------ Data section ------

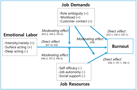 Kim, S.; Wang, J. The Role of Job Demands–Resources (JDR) between Service Workers’ Emotional Labor and Burnout: New Directions for Labor Policy at Local Government. Int. J. Environ. Res. Public Health 2018, 15, 2894. https://doi.org/10.3390/ijerph15122894
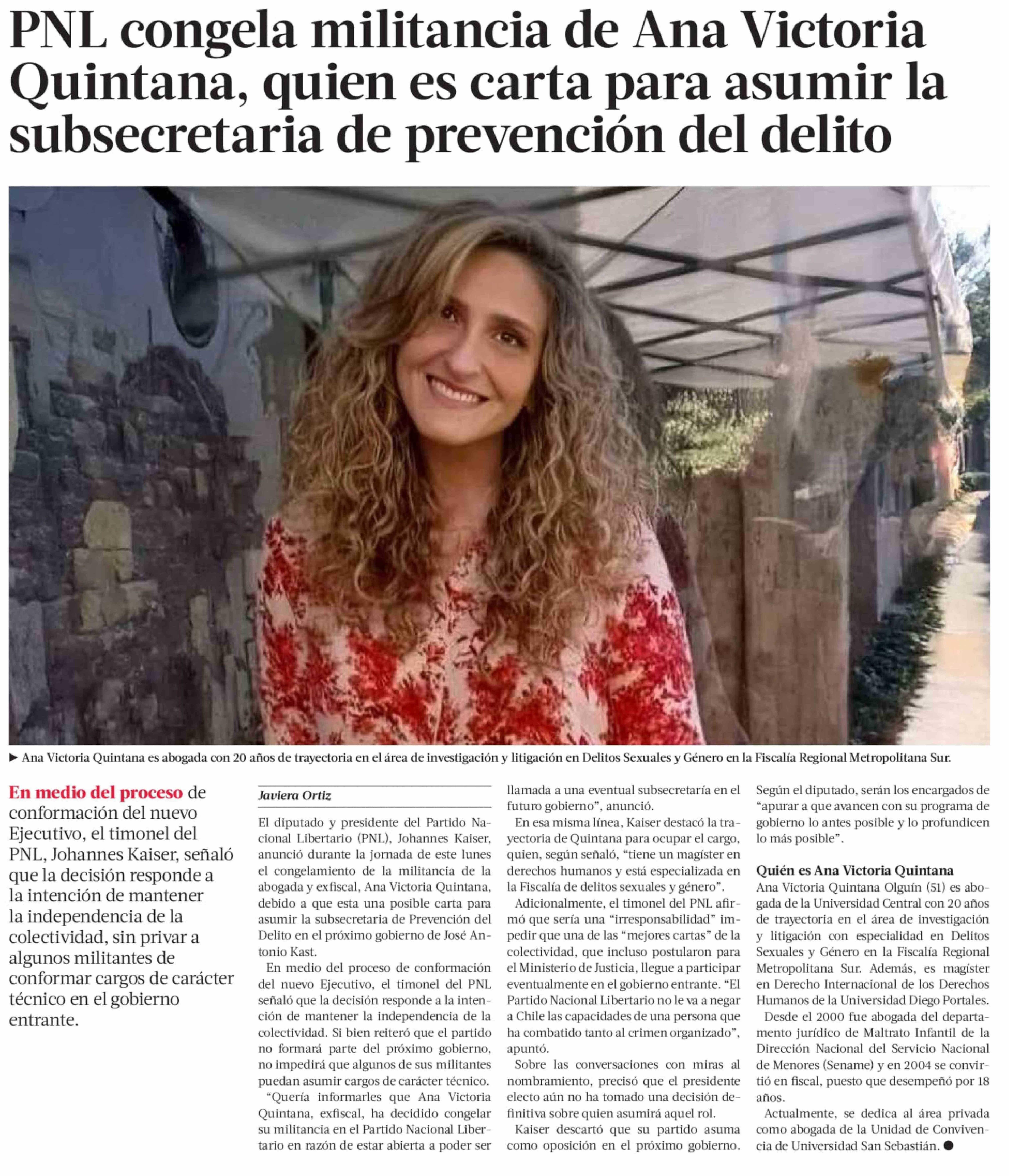 PNL congela militancia de Ana Victoria Quintana, quien es carta para asumir la subsecretaria de prevención del delito 03-02-2026 La Tercera |
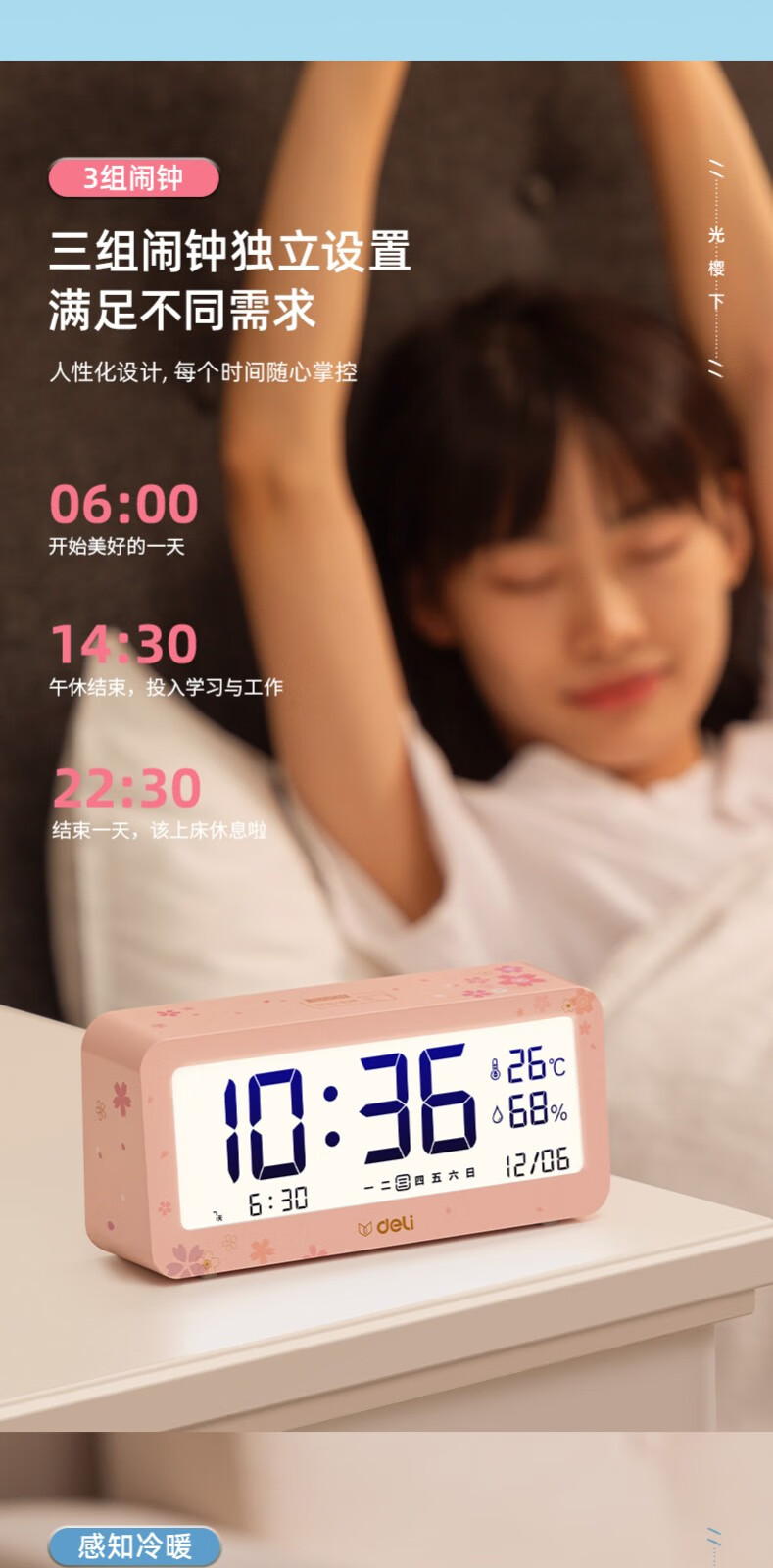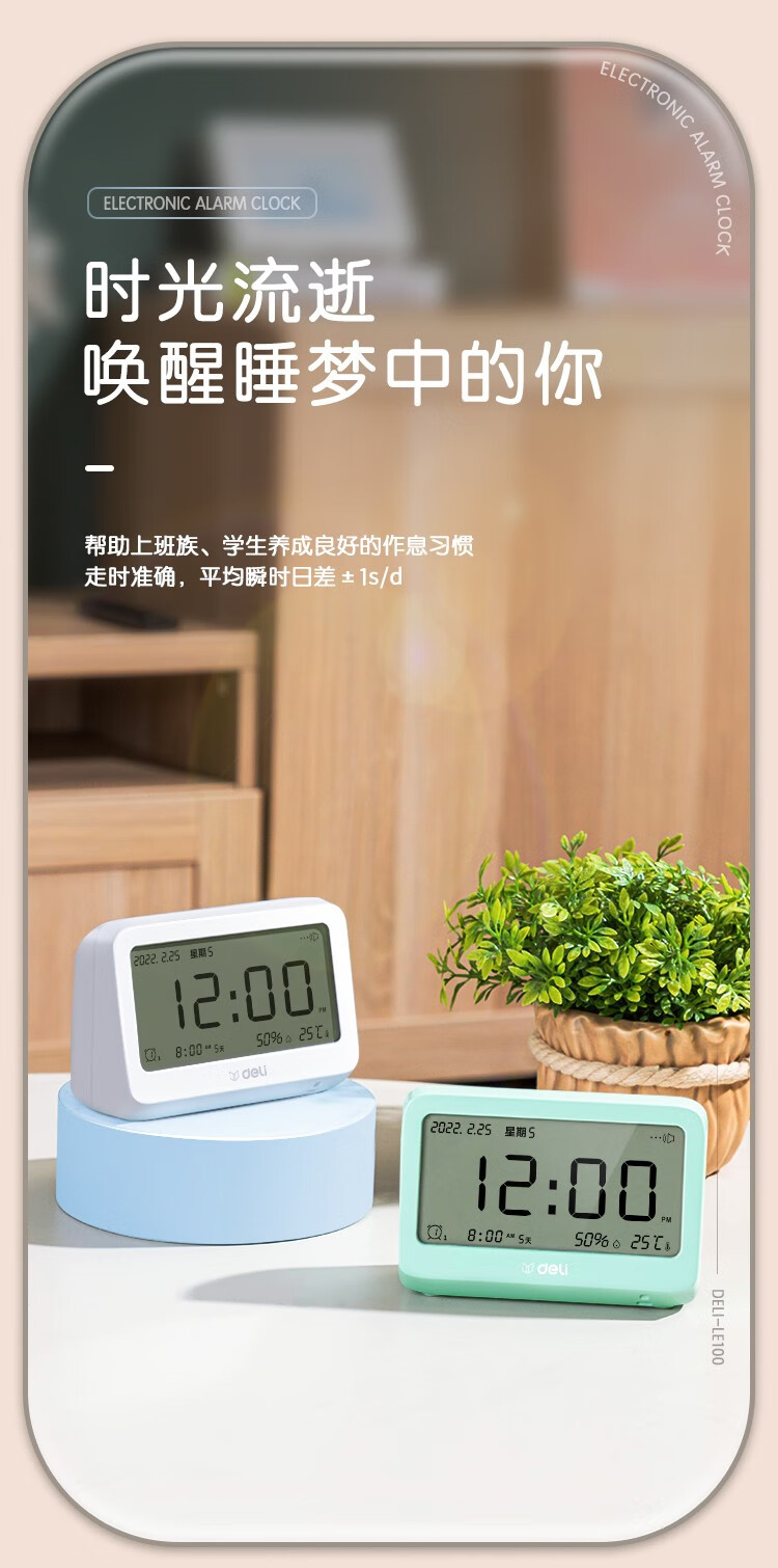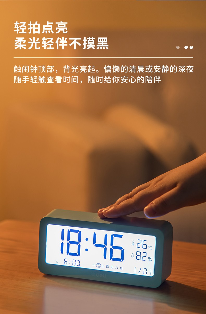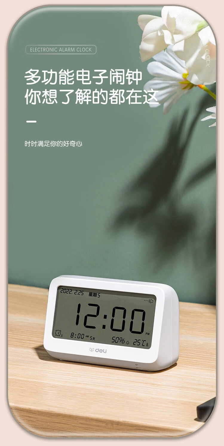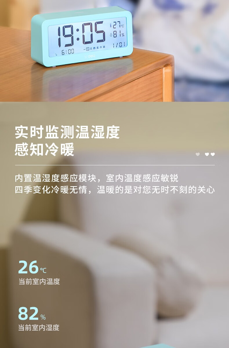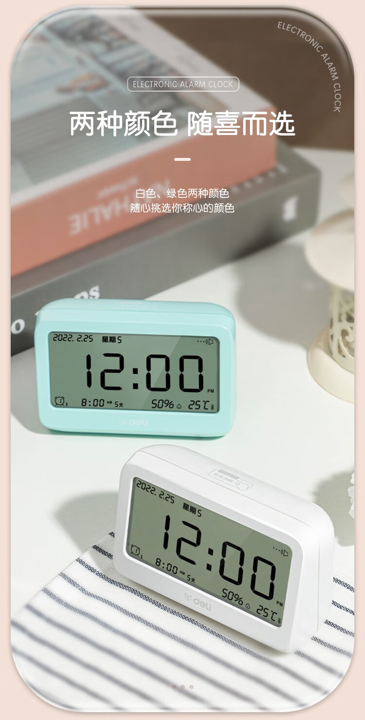 得力(deli)学生电子闹钟 智能背光电子时钟床头钟 温湿度计专用起床神器时间 【推荐】中号简洁白-起床神器
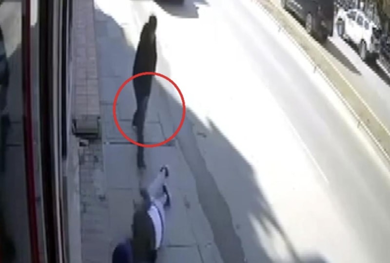 Görüntüde dükkandan çıkıp kaldırımda yürüyen Yakup Polat'a arkadan yaklaşan şüphelinin ateş etmesi ve Polat'ın yere yığıldığı anlar yer aldı.
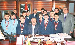 Karabağlar Özel Yamanlar İlköğretim Okulu Matematik Olimpiyat Takımı öğrencileri, Karabağlar Belediye Başkanı Sıtkı Kürüm'ü makamında ziyaret etti. İlçeye kazandırdıkları madalyalardan dolayı memnuniyetini dile getiren Başkan Kürüm, "Zekasını, çalışmayla birleştiren nesillere ihtiyacımız var. Bilimsel, sportif veya sanatsal herhangi bir etkinlikte inançlı, azimli ve bilinçli bireyler yetiştirmek istiyoruz. Elde etmiş olduğunuz başarılar sizin bu özelliklere sahip olduğunuzun göstergesidir. Bundan dolayı sizi ve emeği geçenleri kutluyorum" dedi. Okul ve olimpiyat çalışmaları hakkında bilgi veren Özel Yamanlar İlköğretim Okulu Müdürü Murat Çelen, Başkan Kürüm'e desteklerinden dolayı teşekkür etti.
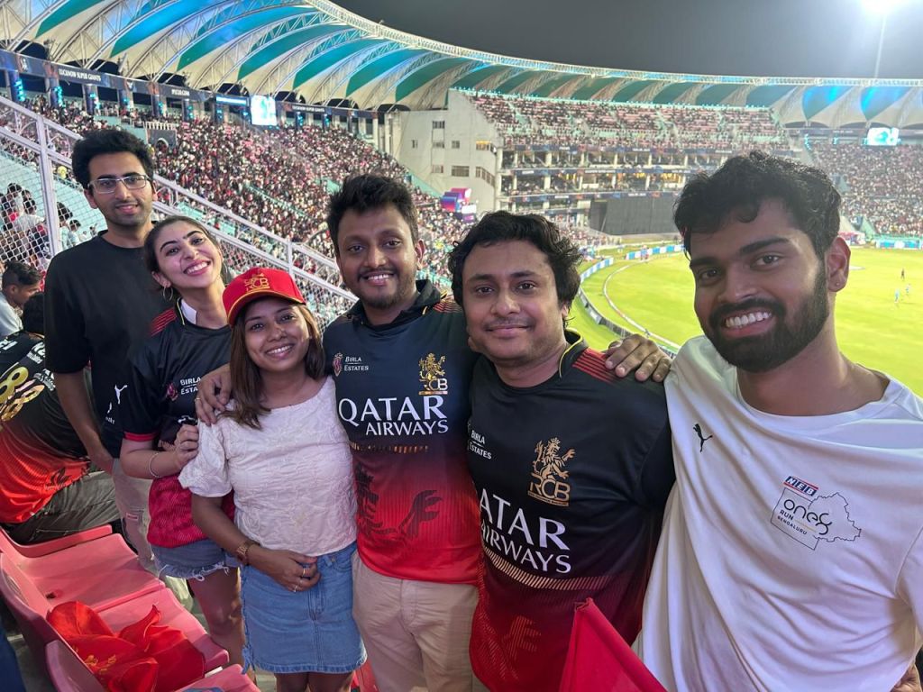 But for me, the game wasn’t just about cricket. My big bro had driven down from Delhi just to be there with me. And that? That made it even more special. We’re not the kind who always sit down and watch cricket together. But that night, we were two people sharing a bucket-list moment: screaming at the same sixes, frowning at the same dropped catches, laughing when someone in the row ahead spilled their Coke mid-over. And my team was there, too 🙂 Donning all reds like a community in-built for me with the same interests.

------

◆ Your goal
With images omitted, output the data exactly as given.

◆ Reply to the task
 Kim, S.; Wang, J. The Role of Job Demands–Resources (JDR) between Service Workers’ Emotional Labor and Burnout: New Directions for Labor Policy at Local Government. Int. J. Environ. Res. Public Health 2018, 15, 2894. https://doi.org/10.3390/ijerph15122894
 PNL congela militancia de Ana Victoria Quintana, quien es carta para asumir la subsecretaria de prevención del delito 03-02-2026 La Tercera |
 得力(deli)学生电子闹钟 智能背光电子时钟床头钟 温湿度计专用起床神器时间 【推荐】中号简洁白-起床神器
 Görüntüde dükkandan çıkıp kaldırımda yürüyen Yakup Polat'a arkadan yaklaşan şüphelinin ateş etmesi ve Polat'ın yere yığıldığı anlar yer aldı.
 Karabağlar Özel Yamanlar İlköğretim Okulu Matematik Olimpiyat Takımı öğrencileri, Karabağlar Belediye Başkanı Sıtkı Kürüm'ü makamında ziyaret etti. İlçeye kazandırdıkları madalyalardan dolayı memnuniyetini dile getiren Başkan Kürüm, "Zekasını, çalışmayla birleştiren nesillere ihtiyacımız var. Bilimsel, sportif veya sanatsal herhangi bir etkinlikte inançlı, azimli ve bilinçli bireyler yetiştirmek istiyoruz. Elde etmiş olduğunuz başarılar sizin bu özelliklere sahip olduğunuzun göstergesidir. Bundan dolayı sizi ve emeği geçenleri kutluyorum" dedi. Okul ve olimpiyat çalışmaları hakkında bilgi veren Özel Yamanlar İlköğretim Okulu Müdürü Murat Çelen, Başkan Kürüm'e desteklerinden dolayı teşekkür etti.
 But for me, the game wasn’t just about cricket. My big bro had driven down from Delhi just to be there with me. And that? That made it even more special. We’re not the kind who always sit down and watch cricket together. But that night, we were two people sharing a bucket-list moment: screaming at the same sixes, frowning at the same dropped catches, laughing when someone in the row ahead spilled their Coke mid-over. And my team was there, too 🙂 Donning all reds like a community in-built for me with the same interests.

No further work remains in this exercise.